These is exactly the same thing we want to happen, but for session
attributes.
The basic model for the framework is shown in Figure 1. In this
model, the caller (UA 1) sends an INVITE request. This request
contains a set of Media Interface Objects (MIO). Each MIO is a
description of a media aspect of the session being set up by the
caller. For example, there might be an MIO for each the IP addresses
and ports for each media stream, and an MIO for the set of codecs in
each stream. The caller only inserts MIO's for those aspect of the
session it wishes to permit the network to modify. For example, if
the caller only wants the network to modify the codecs in the
streams, it would only insert MIOs representing the codecs.
J.Rosenberg [Page 6]
Internet Draft Session Policy May 2, 2002
+------+ INVITE + MIO1 +--------+ INVITE + MIO1 + MFO1 +------+
| |---------------->| |---------------------->| |
| | |proxy | | |
| |200 + MIO2 + MFO2| | 200 + MIO2 | UA |
| UA |<----------------| |<----------------------| |
| | +--------+ | |
| 1 | | 2 |
| | | |
| | | |
| | | |
| | RTP +--------+ | |
| |---------------->| media |---------------------->| |
| | |enforce | | |
| | |point | RTP | |
| |<----------------| |<----------------------| |
+------+ +--------+ +------+
Figure 1: Session policy framework
Since the MIOs are meant for manipulation by proxies, and since they
are provided to enable a SIP feature (proxy insertion of session
policy), the MIOs are carried as SIP headers in the INVITE request.
The caller would also insert a SIP Supported header, indicating its
ability to understand session policies.
As the request traverses proxies, the proxies insert Media Filter
Objects (MFO). The MFOs represent "diffs" that the proxy wants to
apply to each MIO. These request session policy for media streams in
the direction of the callee to caller. For example, if an MIO
contains an IP address and port for receiving an audio stream, a
proxy can insert an MIO which changes that address and port to that
of a media intermediary. The proxy does not modify the MIO - that is
J.Rosenberg [Page 7]
Internet Draft Session Policy May 2, 2002
fundamental. Indeed, the MIO could, and should, be protected by end-
to-end security measures. By specifying diffs to the MIO rather than
directly modifying it, we enable an explicit consent and knowledge
model. The UA can know exactly which policies where requested against
the session.
If a proxy inserts an MFO, it can also insert a Require header into
the request. This would make sure the request fails if the UAS does
not understand session policies. Not all session policies will
require a Require header. Policies could be optional, in which case
the Require header would not be needed. If the request should fail,
the proxy would retry the request using mechanisms that would be
backwards compatible with older endpoints (such as modification of
the SDP).
Like the MIO, the MFO will be represented in a SIP header. Each proxy
can insert its own MFO. In that case, it "pushes" its MFO on top of
the set of existing MFOs, much like Record-Route headers are pushed
into a request. Each MFO also contains the identity of the domain
which requested the policy. The MFO could also contain a signature,
generated by the domain which inserted the MFO. This would allow the
UA to verify the identities of the domains which have requested
session policy, and to verify the integrity of those policies.

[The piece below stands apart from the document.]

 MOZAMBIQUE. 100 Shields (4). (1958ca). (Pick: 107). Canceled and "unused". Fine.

Perhaps most interestingly, the MFO can specify loose routing
mechanisms that should be used to deliver the media to media
intermediary. Just like the Route headers allow the UA to specify the
set of hops for signaling, tunneling protocols, such as IP-in-IP, or
IP loose source routing, would allow those approaches to be applied
to media delivery. This would have the important benefit of releaving
the network from maintenance of any state.
It is also very important that the MFO not be an actual diff, in the
unix sense. This is because it is important that the UA understand
the semantics of the requested policy, not just the syntatical change
that is needed to affect that policy.
When the request reaches the UAS, the UAS examines the MIOs and MFOs
in the request. It will know exactly what the UAC indicated, and know
exactly which policies have been requested by intermediate domains.

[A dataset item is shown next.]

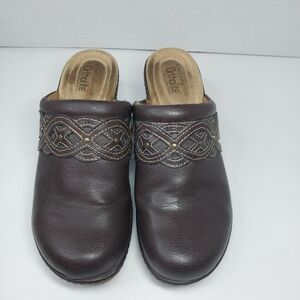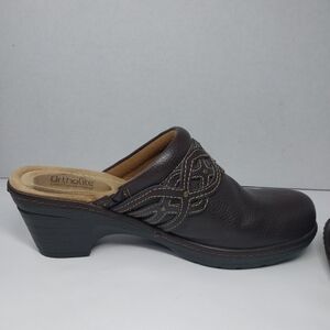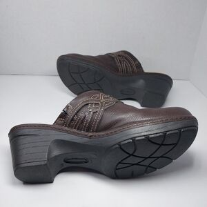 Croft & Barrow Ortholite Damebrown Sz 7 M Faux Leather Brown Slip on Clog Shoes

If those policies are unacceptable, it can generate an error response
with an indication of which policies were not acceptable. Proxies
receiving this error response could attempt to retry with a different
policy, or just pass the error response upstream. The error response
would arrive at the UAC, with a full list of the set of requested
policies. This would allow the UAC to know what happened to their
request, and why it failed.
J.Rosenberg [Page 8]
Internet Draft Session Policy May 2, 2002
If, however, the policies are acceptable to the UAS, and it accepts
the call, it generates a 200 OK. That 200 OK contains two things.
First, it contains its own set of MIOs for its side of the session.
It also contains the set of MFOs from the request, copied into the
response. These are purely informational, for the benefit of the UAC.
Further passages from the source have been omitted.